Brave new world: a glimpse of the regional native

Soderbergh is highly effective on new territory with Bubble, a low-budget film about three working-class people in a doll factory and a crime. It doesn't seem as if he's taken any movies as his models, though some of the conventions of a police procedural take over toward the end. The images shot in HD of the factory, the houses, roads, and people of Ohio and West Virginia could have been taken not from movies but from 1970's and 1980's still photographers like Robert Adams, or particularly from Lee Friedlander's Factory Valleys.

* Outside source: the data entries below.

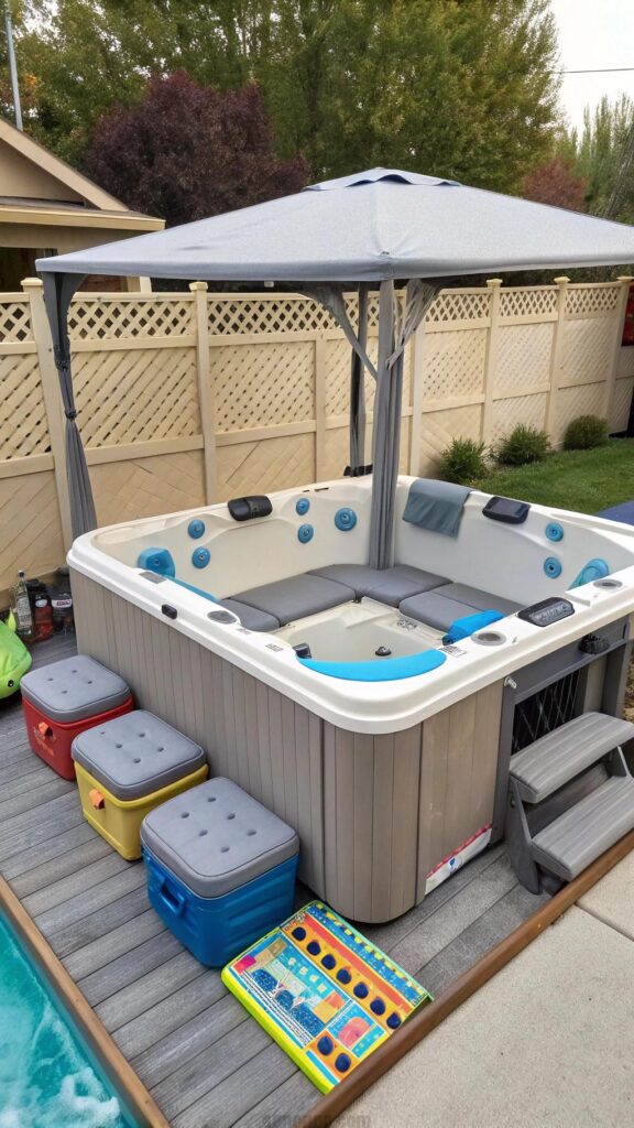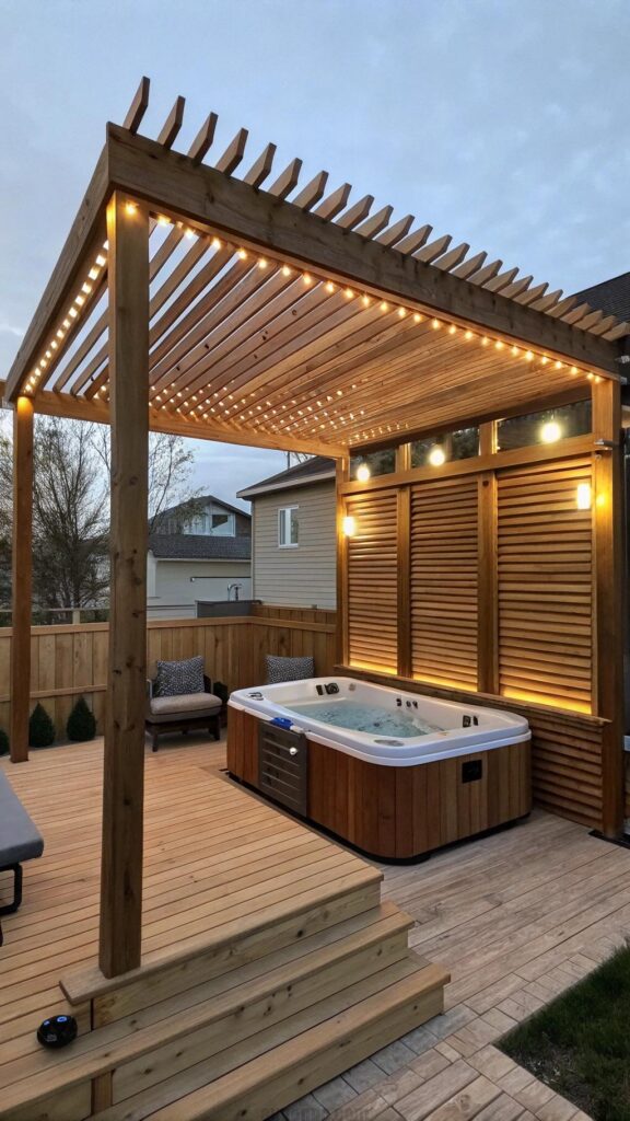 Installing a pergola over your outdoor jacuzzi creates an elegant and practical enhancement to your backyard design. The structure provides privacy, shade, and year-round usability while maintaining an open-air feel. You can customize pergola designs to match your home’s architectural style.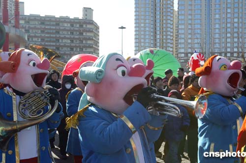 二月九日中國(guó)傳統(tǒng)春節(jié),盡管天寒地凍,但是在北京朝陽(yáng)公園的國(guó)際風(fēng)情節(jié)上卻激情燃放。當(dāng)天開幕的二零零五年北京朝陽(yáng)國(guó)際風(fēng)情節(jié),為京城的市民奉獻(xiàn)了一臺(tái)中西文化大餐。圖為開幕式上盛裝游行隊(duì)伍中的卡通樂(lè)隊(duì)。作者:任海霞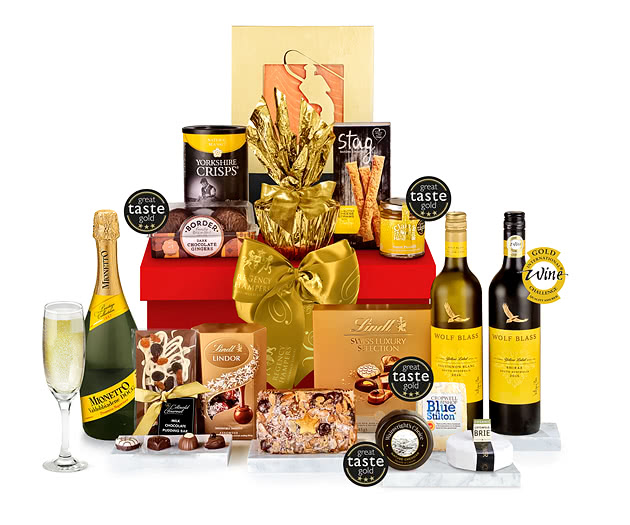 Artisan British Cheese & Gourmet Treats: For nibbles, we've included British cheeses like Cropwell Bishop Blue Stilton and a mature Cheddar, alongside Yorkshire crisps, smoked salmon, and piccalilli. You'll also find Lindt chocolates, a Christmas pudding, and many more tastes of luxury UK produce.

Debbie Doebreier (Martha), Dustin James Ashley (Kyle), and Misty Dawn Wilkins (Rose) come from West Virginia and Ohio. Decker Moody (Dectective Don) is a West Virginia police detective.

Coleman Hough, who wrote the screenplay, has kept it naive and simple. When a man learns his daughter is in jail for murder, he says, "Oh, I see." The attractive young Kyle and the doughty Martha go to and from work and have lunch together. At one point Martha snaps a photo of Kyle because he's her "best friend," she says. When young, pretty Rose is hired to help fill a big order at the doll factory, she joins the other two at lunch, and starts going off with Kyle for a smoke afterward: the equation has changed. Then Kyle and Rose plan a date, but Martha doesn't know about it. Because everyone is so inexpressive, it's not clear that any of them even know what they're feeling. You might contrast the arch cleverness applied to naive people working in a nowhere Walmart-like store in Miguel Arteta's 2002 The Good Girl. These people in Bubble just are, and the murder that happens is like lots of murders that don't make it to the screen that just happen, the perpetrators being people the victim trusted, nobody knowing how it all happened. The Voice called Bubble "aggressively disorienting in its banality," but taken on its own terms, it works. Deft manipulation of non-actors and precise, attractive use of HD photography are important factors in the film's economy and success.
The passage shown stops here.